POTION: Perceptual optimization of time-frequency audio representations and coding

Principal investigators: Thibaud Necciari, Piotr Majdak
Co-applicants: Bernhard Laback, Peter Balazs
Collaborators: Olivier Derrien, Richard Kronland-Martinet, Sølvi Ystad (Laboratoire de Mécanique et d'Acoustique, CNRS, France).

Tentative start of the Austrian project part: 1st March 2014

Project goals: The fundamental research in POTION aims at developing new methods for the representation and interpretation of audio signals. More specifically, we propose the development of an efficient, perfectly invertible, possibly non-redundant, and perceptually optimized time-frequency representation, i.e., which displays only the audible components of sound signals. To our knowledge, such a representation is not available. The originality of POTION lies in the consideration of the mathematical theory of time-frequency representations and its application to signal processing, and psychoacoustical data on auditory time-frequency masking.

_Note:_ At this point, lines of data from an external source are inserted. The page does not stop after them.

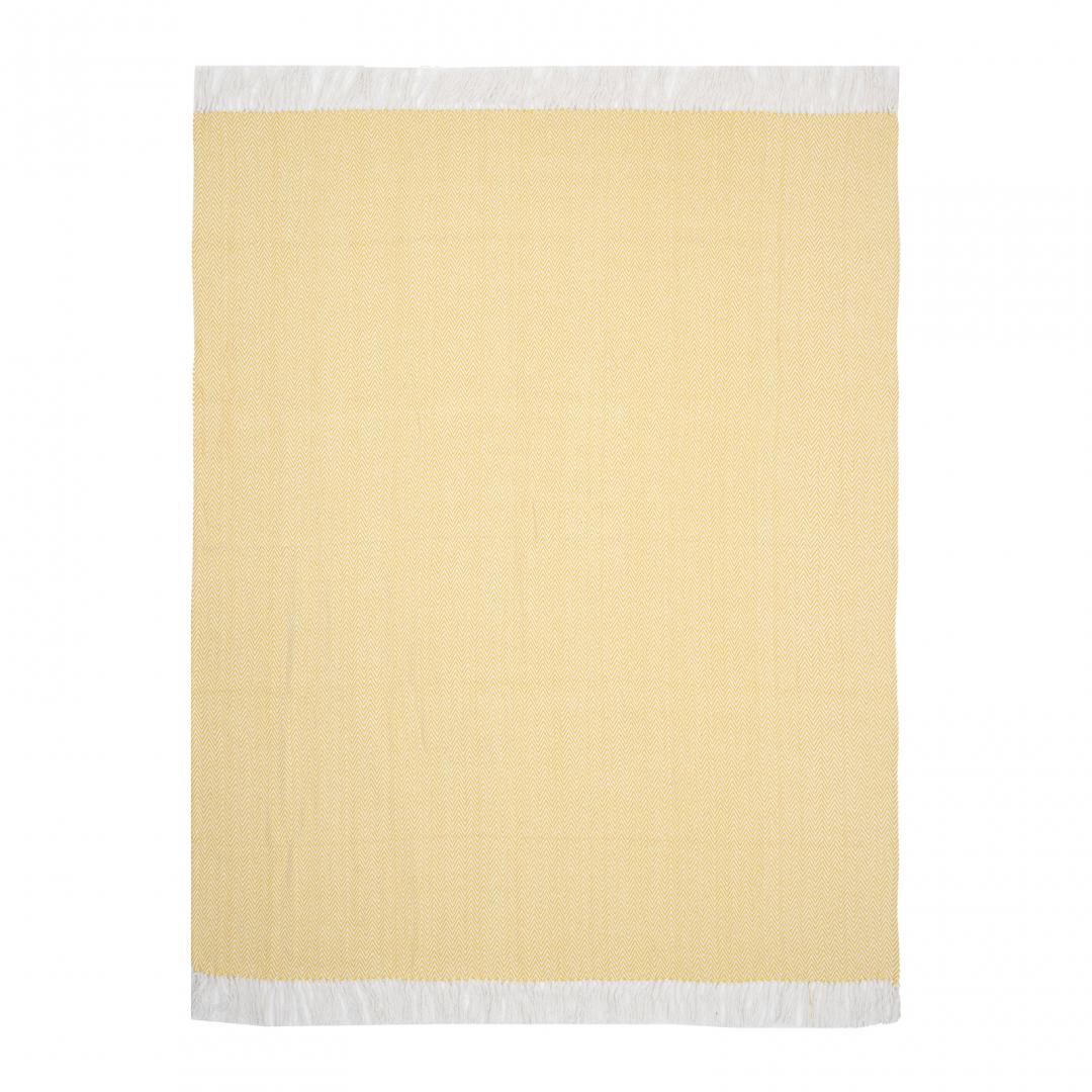 Cuvertura pled cu ciucuri Zig Material : 75% Bumbac si 25% Poliester Dimensiune : 160x200 cm . Disponibile pe galben si albastru
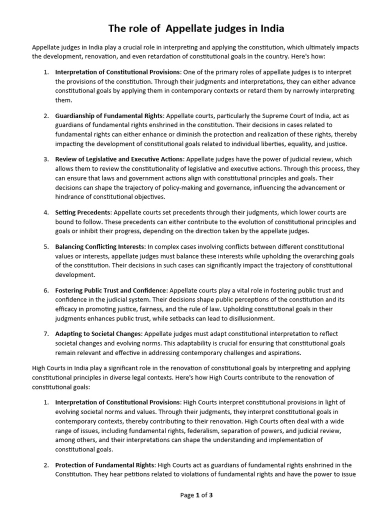 The role of Appellate judges in India PDF Precedent Judgment (Law)
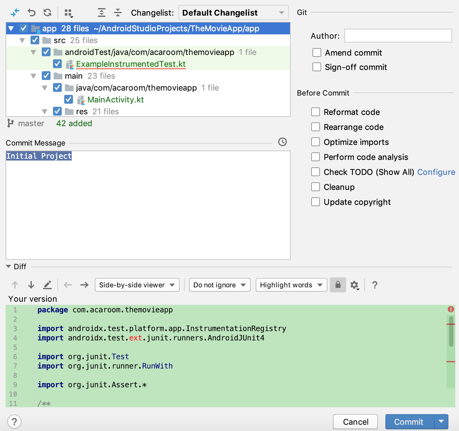 이제 저장소 설정이 끝났습니다. 지금까지 만든 내용을 커밋(commit)합니다. VCS > Commit...메뉴를 누르면 다음과 같은 화면이 나오는데 아직 프로젝트가 초기 상태이므로 Perform code analysis나 Check TODO 체크박스는 해제합니다.

The technical objective of POTION is to develop a new perceptual audio codec based on the combination of new results on non-stationary time-frequency transforms and on time-frequency masking. This codec will constitute the “end-product” of the project. While current audio codecs are mainly based on a frequency approach, the codec created in POTION will consider a joint time-frequency approach. It is therefore expected to produce higher compression ratios than current codecs at the same perceived audio quality.